I would go with the theme of what I plan to do to the car..
Since I am picking to have an uber red and black theme I would have them as black as it can go.. but if i have black paint i would have them as red as i would go..

( want Nismo 17x7.5 Bronze rims? 17.6 pounds each.. 225/45-17 stock height or 215/45-17 lowered.. they say Nismo on them!!)
I have the part number.. 
40305-RN75020


----------



## pete? (Jul 6, 2004)

i dont like 17in wheels, my wheels are 15lbs each. :thumbup:
bronze would look bad on my car (platnum silver), belive me i have thought of it.
i got my wheels for $250...all 4!
a $250 nismo part would be the centre cap for the wheel.


----------



## Sentra GTR-1 (Aug 2, 2002)

*Hell Yeah!*

Hell yeah! I was wondering when a company or someone would release a ground kit for the B13 1.6 liter. All I have ever seen is for the SR20 or QR25, Im reading everything right now cause Im really interested in a ground kit.


----------



## pete? (Jul 6, 2004)

Sentra GTR-1 said:


> Hell yeah! I was wondering when a company or someone would release a ground kit for the B13 1.6 liter. All I have ever seen is for the SR20 or QR25, Im reading everything right now cause Im really interested in a ground kit.


???????? lol wtf?

accually its not a company, its a member of ours. but i would trust him over any company with my car. just click my sig and read up :thumbup:


----------



## I'm tired of my usernamee (Feb 16, 2004)

lokl, that was so random......but im sure nismo wheels would be hella expensive that its not really worth it.....


----------



## konfuzion3 (Sep 17, 2004)

You already know my style and opinion! :thumbup:


----------



## Wufaded (Oct 15, 2003)

If I was putting the wheels on my white 200sx, I would strip them and paint them powdercoat them silver with a polished lip. On any other car I would paint them gunmetal w/a polished lip.....


----------



## B14_Stealth (Aug 14, 2003)

1.6pete said:


> if you had se-r wheels or had it to do all over again, what would you have done to your wheels?

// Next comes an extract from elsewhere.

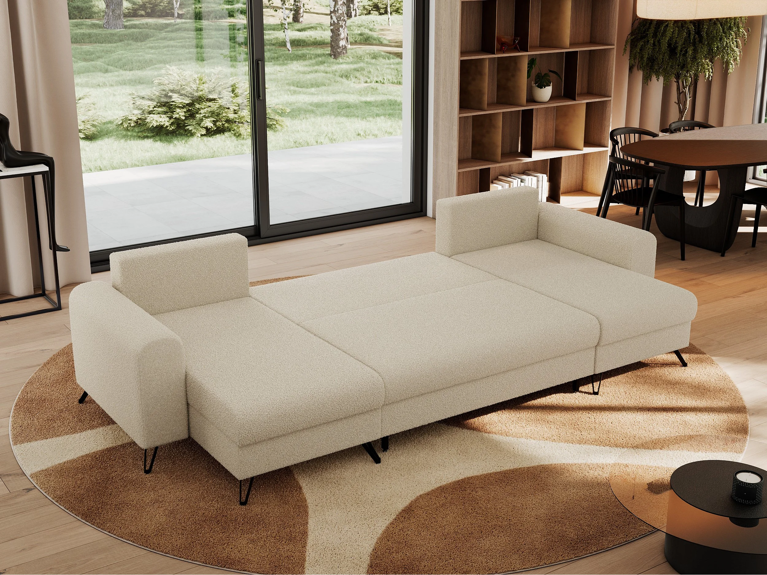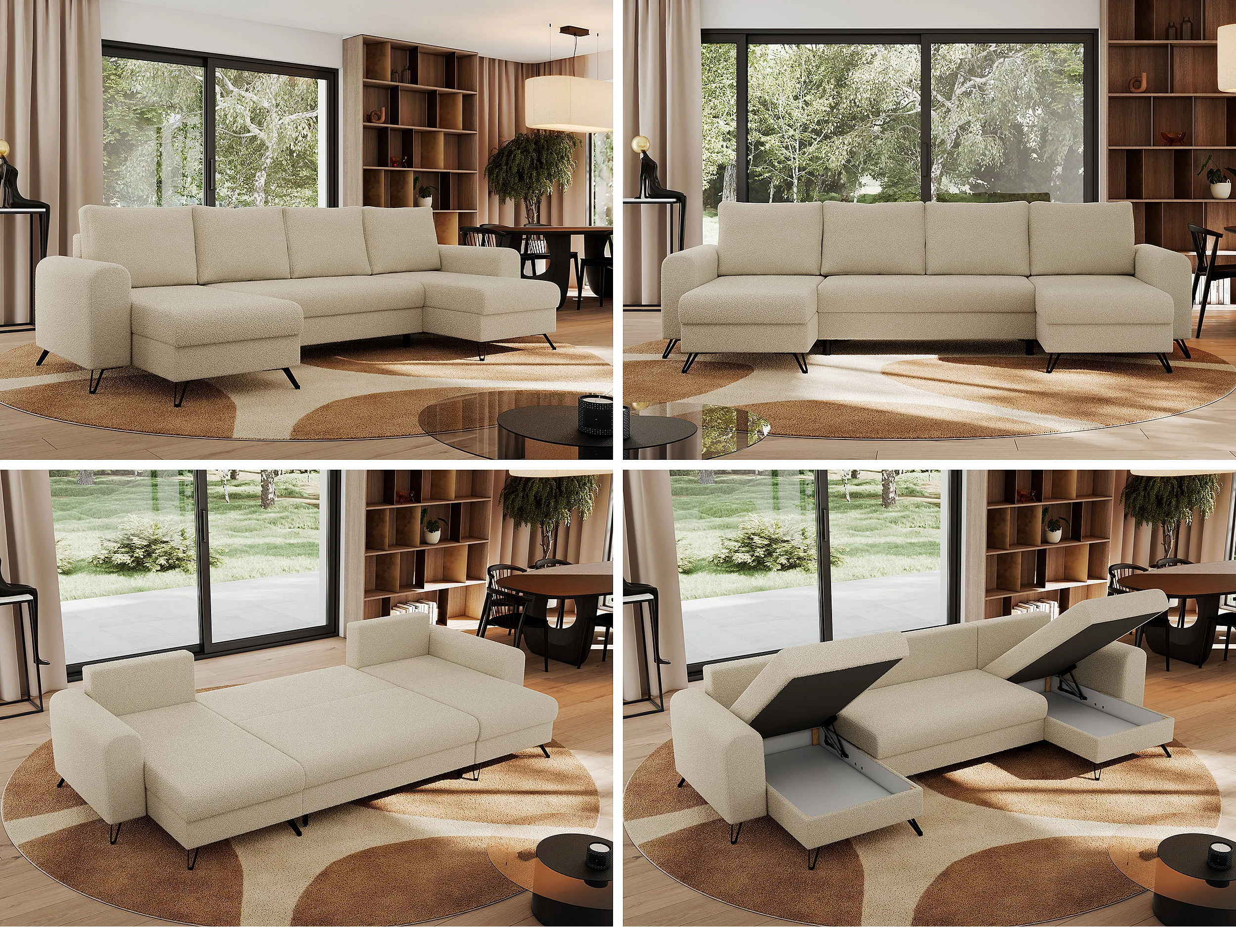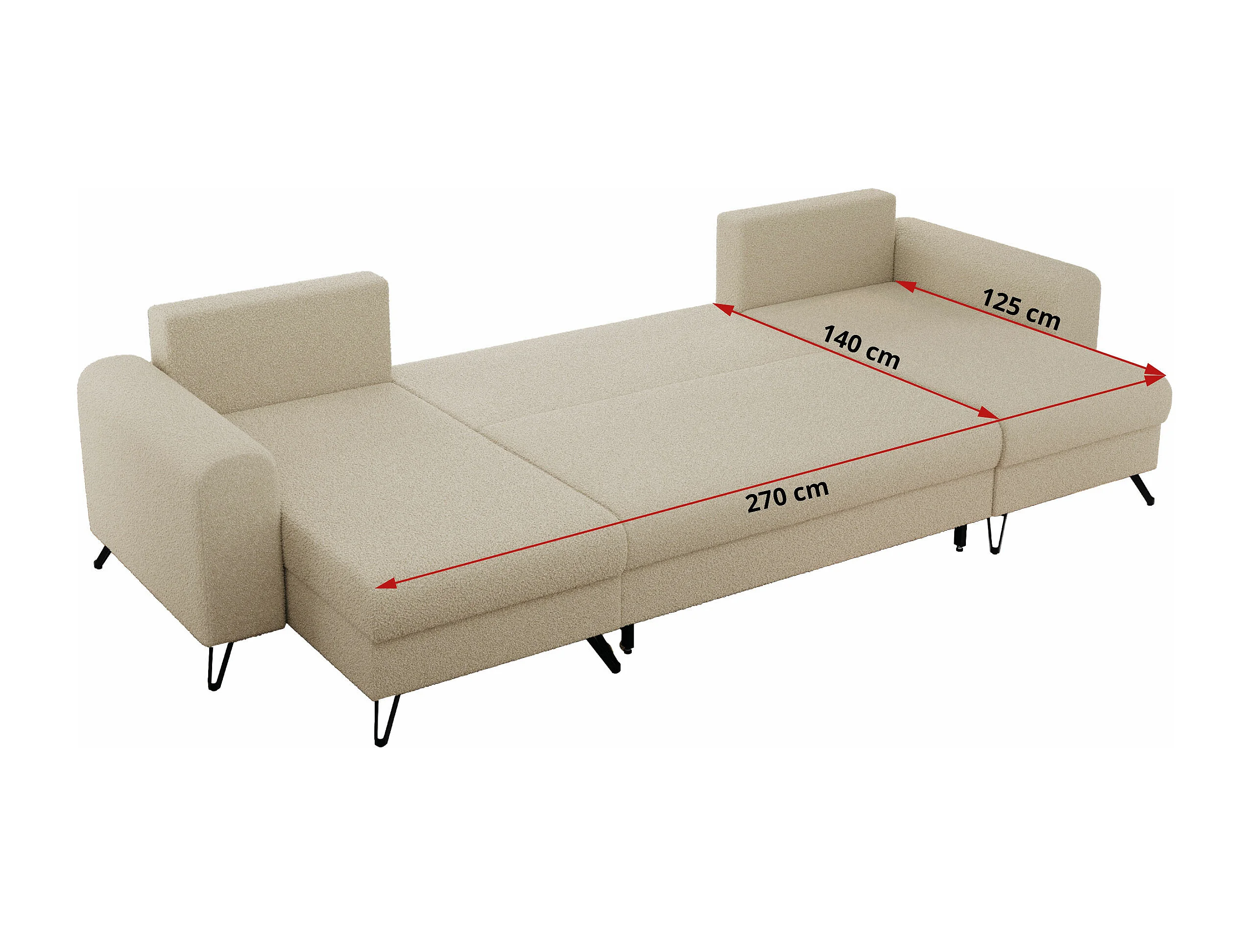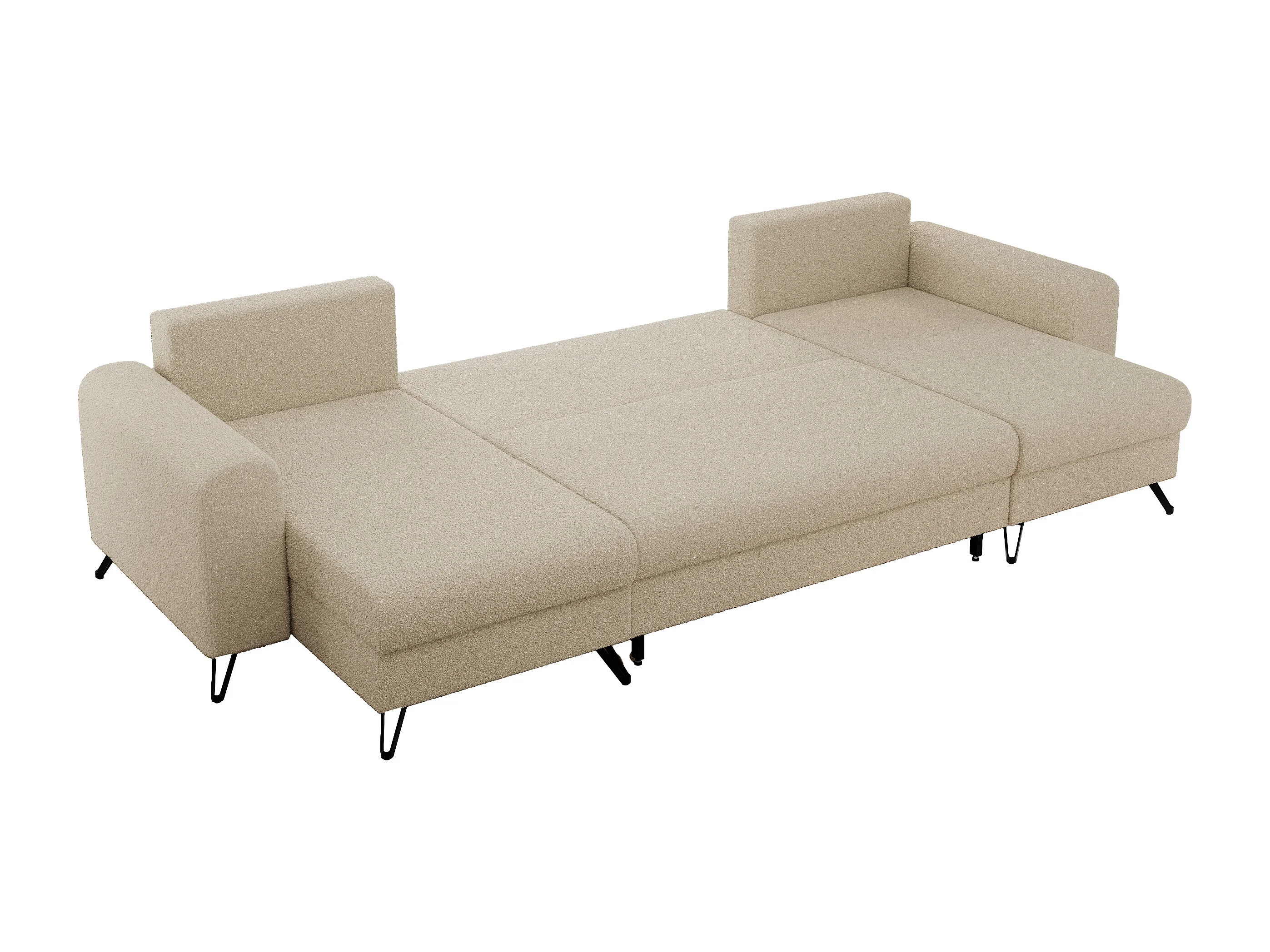 Ecksofa AXEL U, lose kissen, Ecksofa l-förmig, schlaffunktion und Bettkästen - Beige Boucle

 personally i dont like SER rims, get aftermarket ones,17s, they look so much better.


----------



## pete? (Jul 6, 2004)

B14_Stealth said:


> personally i dont like SER rims, get aftermarket ones,17s, they look so much better.

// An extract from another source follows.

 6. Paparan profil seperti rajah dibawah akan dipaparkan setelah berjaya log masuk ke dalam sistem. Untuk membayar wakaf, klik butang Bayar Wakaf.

i love my wheels, and i dont want to spend $$$ on new wheels, i got mine from wickedsr20 for $250 with tires that lasted me a season :thumbup:


----------



## matcapir (Feb 20, 2005)

1.6pete said:


> i love my wheels, and i dont want to spend $$$ on new wheels, i got mine from wickedsr20 for $250 with tires that lasted me a season :thumbup:


I think your wheels look good as is, but I think the chrome lip with glossy black would look even sweeeeeeeeeeeter!! I have stock SE-R rims that are flaking and am thinking about having them painted or powdercoated. It would take me way to long to do it one by one though.


----------



## Radioaktiv (Feb 12, 2004)

matcapir said:


> I think your wheels look good as is, but I think the chrome lip with glossy black would look even sweeeeeeeeeeeter!! I have stock SE-R rims that are flaking and am thinking about having them painted or powdercoated. It would take me way to long to do it one by one though.

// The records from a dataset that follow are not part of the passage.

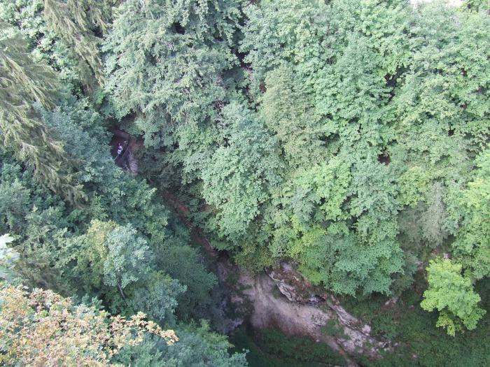 Давно планировали – и все никак. Сталактитовые Пункевы пещеры, подземные озера на лодках, пропасть Мацоха – ну очень хотелось. Пережили узкий серпантин через лес, ущелья и маковые поля, доехали до обзорной площадки у пропасти Мацоха к 14.30.
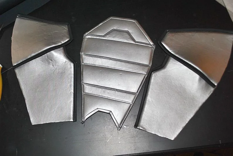 The base for the sleeves is Cordura, backed with muslin for the outer sleeves and faux leather on the undersleeves. I added the “armor” details using faux leather backed with headliner foam. There is also an inset of jumbo spandex at the back of the sleeves to aid movement.
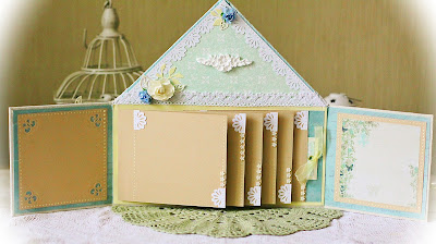 В альбоме 5 разворотов. Чтобы оживить альбом, я вставила в него пока картинки с маленькими принцессами... :-) Почти на каждой странице есть всякие раскрывающиеся конструкции, которые позволяют увеличить количество фотографий в альбоме.
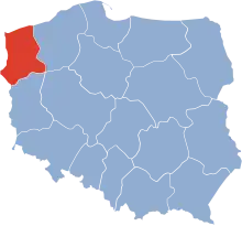 The Szczecin Voivodeship[lower-alpha 1] was a voivodeship (province) with capital in Szczecin, that was centered on the Farther Pomerania. It existed from 1946 to 1975.[1][2] Until 19 February 1947 it was under the administration of Provisional Government of National Unity, which then was replaced by the Polish People's Republic.[3] It was established on 28 June 1946, when it was formed from the territory of the District of the Western Pomerania, and parts of the Gdańsk, and Pomeranian Voivodeships.[1] On 6 July 1950, its eastern half was incorporated into then-established Koszalin Voivodeship,[4] and the voivodeship ceased to exist on 31 May 1975, when it was replaced by then-established Szczecin and Gorzów Voivodeships.[2]
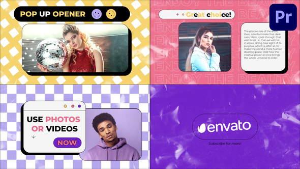 Stylish Pop Up Opener | Premiere Pro MOGRT 43236739 Stylish Pop Up Opener – is a positive colorful slideshow template, that will help you create a bright presentation, stylish promotions, trendy intros and much more! Add media, logo, customize colors and text, merge slides with just a few clicks!
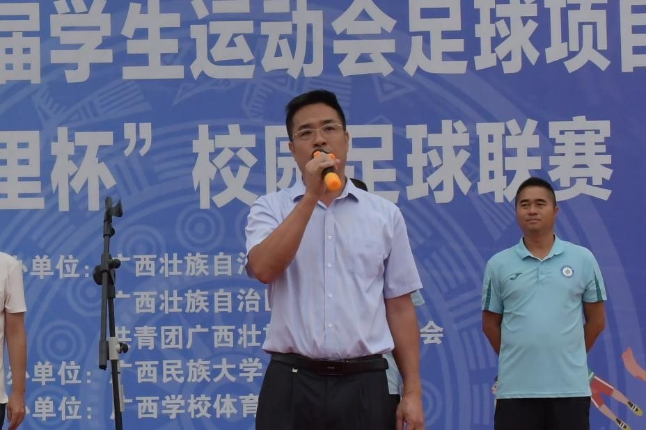 随后,蒋东升致辞,他表示,广西公司体育卫生艺术学会在自治区教育厅的支持下,持续深化推进校园足球公司产品改革,不断完善梯队建设和制度建设。此次赛事也体现了各方对民大以及学会的信任和支持,他承诺将全力办好赛事,助力广西校园足球和公司体育事业发展,为体育强区建设出力。

doesnt take as long as you might think

i did 2 at a time over a week period

had the car jacked up on stands for a total of 2 days over the week, but i would say thats about average


----------



## matcapir (Feb 20, 2005)

Radioaktiv said:


> doesnt take as long as you might think
> 
> i did 2 at a time over a week period
> 
> had the car jacked up on stands for a total of 2 days over the week, but i would say thats about average


How many coats paint/clear did you use and how long did they take to dry for each coat?


----------



## pete? (Jul 6, 2004)

radio will agree with me here, USE KRYLON, it takes 5 minutes to dry to the touch! i used 2 cans of paint at $3 each. i 100% taped off my tires and all. but this time the tires will be off and the paint will be 100% striped but glassbeading/paint striper combo (glass beading to get the paint off and striper to clean them up) outside and in.ill be taking pics throughout the entire process and im starting tomarrow. im gona see how much i can polish up the lip, if i dont like it i will just scuff it up and paint the entire thing. or ill go with a brushed alum lip but i can do that after i paint them. if you want a good shine paint the wheel with the color of choice and them wet sand it with 600 or 800 grit, then clear coat it and sand with 800 first then 2000 last..........you will be blinded by the shine.


----------



## DijitaL (Feb 7, 2005)

*not fond of the polished lip*



1.6pete said:


> radio will agree with me here, USE KRYLON, it takes 5 minutes to dry to the touch! i used 2 cans of paint at $3 each. i 100% taped off my tires and all. but this time the tires will be off and the paint will be 100% striped but glassbeading/paint striper combo (glass beading to get the paint off and striper to clean them up) outside and in.ill be taking pics throughout the entire process and im starting tomarrow. im gona see how much i can polish up the lip, if i dont like it i will just scuff it up and paint the entire thing. or ill go with a brushed alum lip but i can do that after i paint them. if you want a good shine paint the wheel with the color of choice and them wet sand it with 600 or 800 grit, then clear coat it and sand with 800 first then 2000 last..........you will be blinded by the shine.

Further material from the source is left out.